LARP is becoming more widely used in academic research, especially as a method to explore social and political dimensions of new technologies – existing or latent. It can be particularly useful in highly constrained contexts, where there is little space to examine alternative futures. Our turn to LARP for dataset critique is based on allowing people who don’t have specialist knowledge to learn about machine learning systems in a practical way, and enabling them to bring their situated concerns, knowledge and points of view to bear. At its best, it might allow us to collectively reimagine the process and what kinds of perspectives it includes.
Why propaganda detection?
We don’t need to explain the technopolitical context to you. The (dis)information society. Culture wars. Polarisation. Social media. Trump. Authoritarianism. Gaza.
‘Propaganda detection’ is one response by data scientists to a version of this political problem. We think it’s interesting that they chose to call it that, even though - as you’ll see - it’s clearly bound up with other similar practices that go by other names. Fake news. Sentiment analysis. Bias detection. Fact checking. And of course their account or propaganda is maybe... odd or unfamiliar.

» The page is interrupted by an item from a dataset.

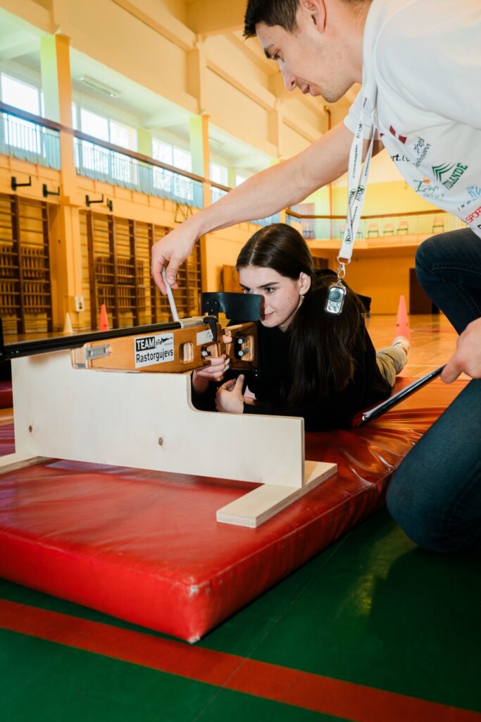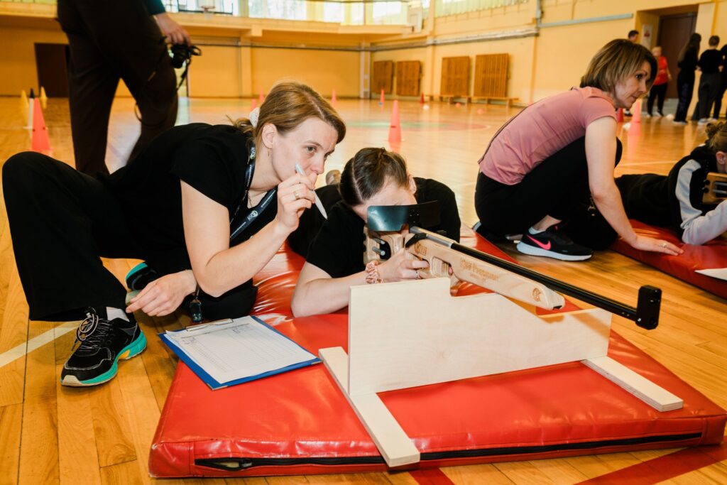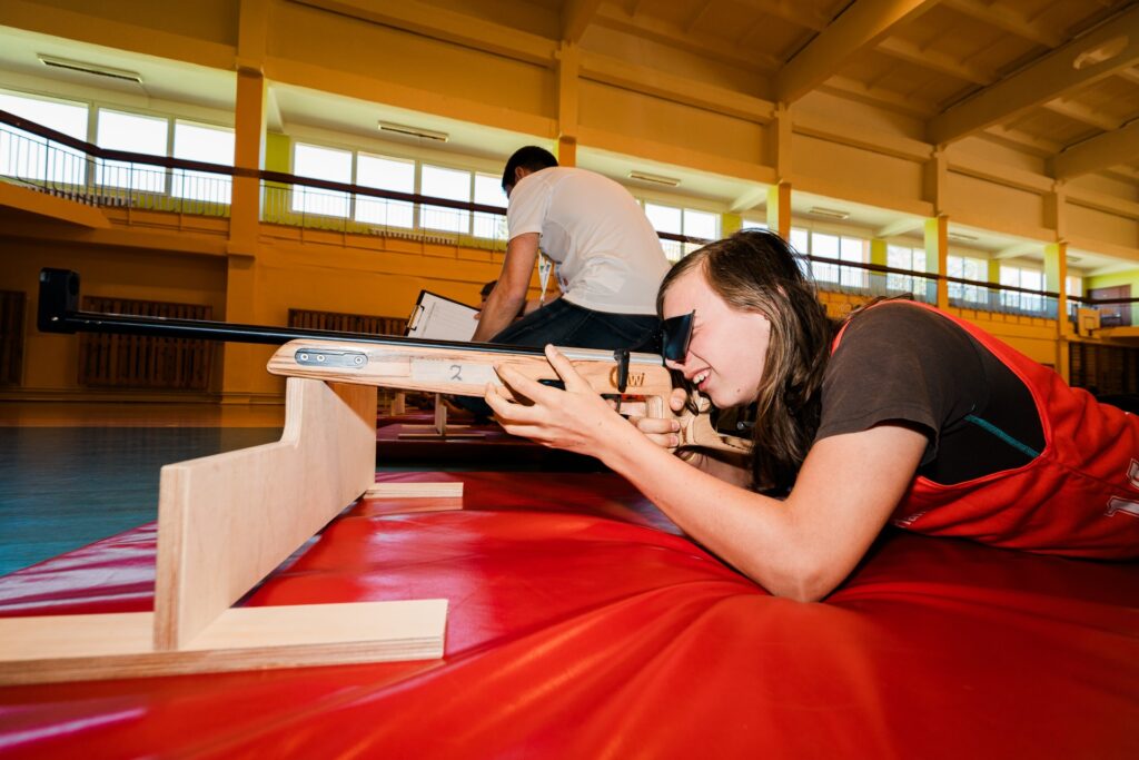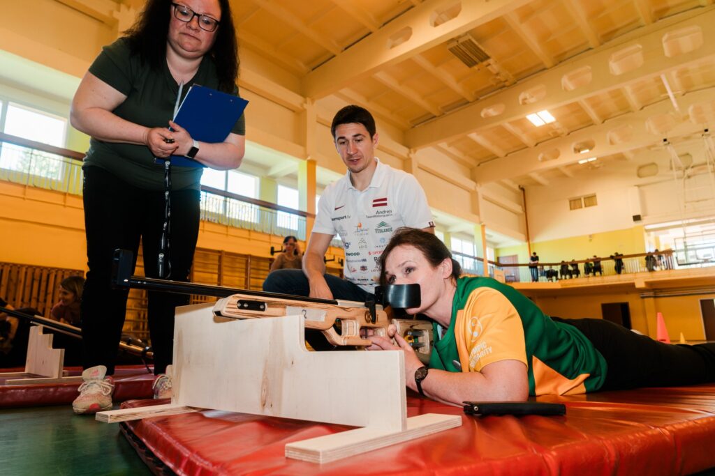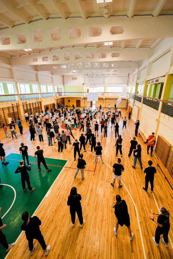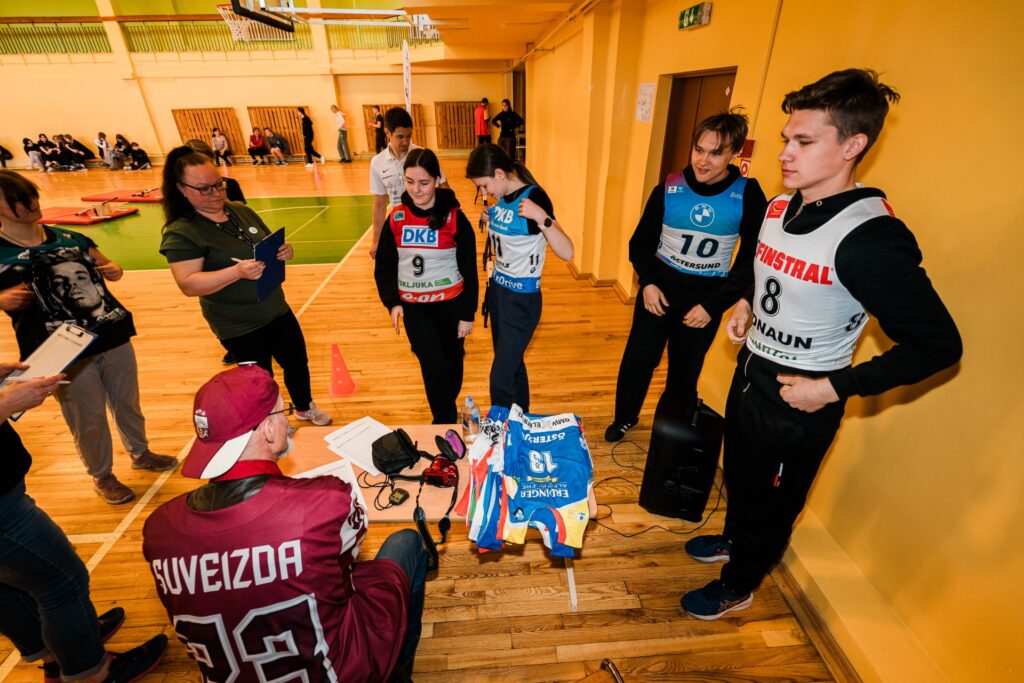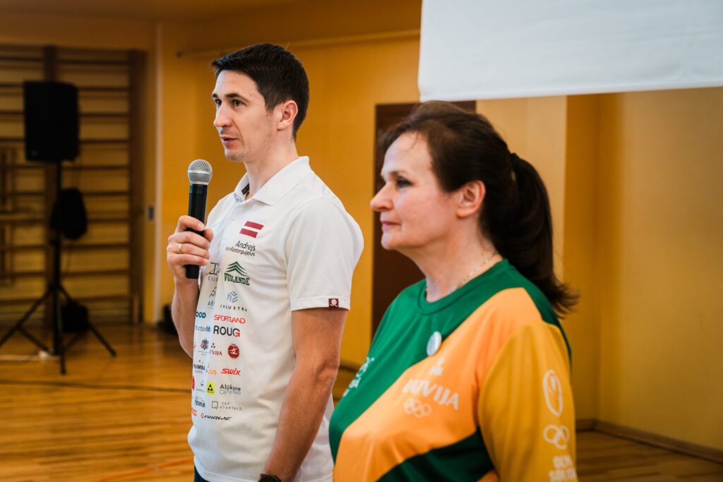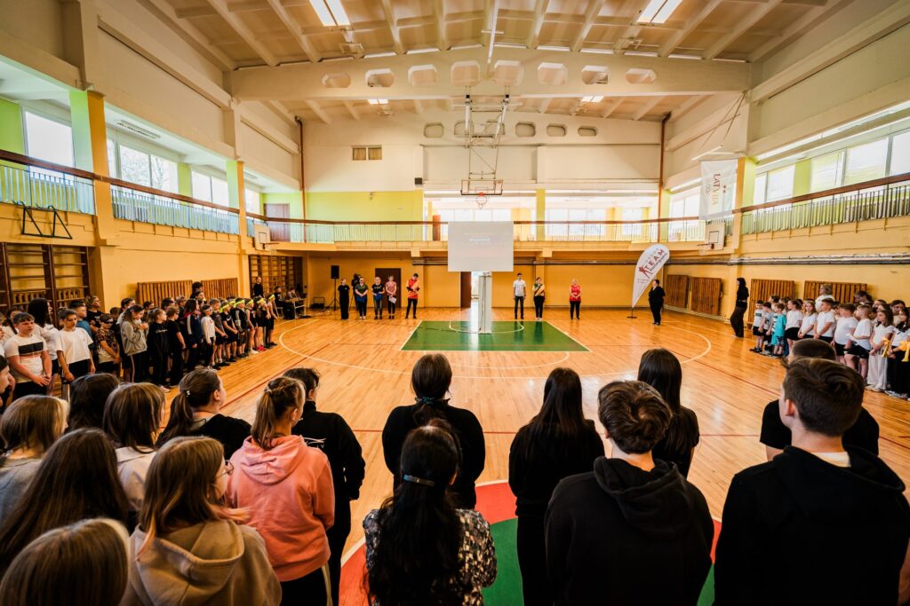 🎯 Olimpiskā karoga pacelšana un kopīga iesildīšanās, pēc kā sekoja biatlona sacensības, kur skolēniem bija jāapvieno ātrums un precizitāte, skrienot un šaujot pa mērķiem ar lāzerieroci.

To be clear: automated ‘propaganda detection’ in this form is already a thing. Tanbih, for instance, is a collaboration between the Qatar Computing Research Institute (HBKU), Qatar University, MIT, Northwestern, Sofia University, and two data analytics companies which aims to ‘make explicit media stance, bias, and propaganda, thus limiting the effect of fake news.’
Why the PTC-SemEval20 corpus?
We chose this particular propaganda dataset because it’s small, text based, and (therefore) easily accessible to a group like this. These factors also mean it was relatively easy to build a tool to access and analyse it.
Although we don’t necessarily think it’s the best propaganda dataset, or that propaganda datasets are the best datasets to audit, the PTC-SemEval20 corpus is also a ‘classic’ dataset in lots of ways. It was part of a competition held in 2020 in which 250 teams from universities and industry competed to build the best models.
This is absolutely classic. It’s how data scientists define problems and build infrastructure together.
Proceedings of SemEval 2020 Task 11What are we going to do today?
We’re not here to tell you how to critique a dataset. We’re here to find out. We want to create a space for people to think for themselves about how to do it. So we’ve devised three ways of approaching the dataset, which we’d like to have to go at together with the following questions in mind.
- What tools do you need in order to read this dataset?
- What do you need to know in order to read this dataset?
- Who needs to be involved in reading this dataset?
- Why read this dataset?
For each approach, please enter your thoughts/answers/comments in this chart. We will use them to help us design our LARP.
Approach 1
- Download the dataset (1.1MB) and skim read the accompanying paper by Martino et al.
- Closely read parts 1 and 2 in small groups.
- You may also like to look at the introductions to some of these papers for comparison.
Approach 2
- Use this interface to explore the dataset.
- Select an article and use the toggle to clear the annotations and then try to annotate it yourself.
- You could also try asking eg ChatGPT or Claude to do it instead. Or try applying the same techniques to a text outside the dataset.
- Use the toggle to compare with the annotations in the dataset.
Here are some example articles without annotations in case you prefer a different interface.
Example articles (1)Approach 3
Thinking forward to our future LARP or a ‘real life’ dataset audit:
- What kinds of people would you want in the room?
- What 10 characters would you include in a scenario for a dataset LARP?
- What kinds of outcomes would you like to imagine resulting from a dataset audit? How might these outcomes be related to the kinds of people in the room?
Plenary
Collectively review the responses to the 4 questions in the spreadsheet.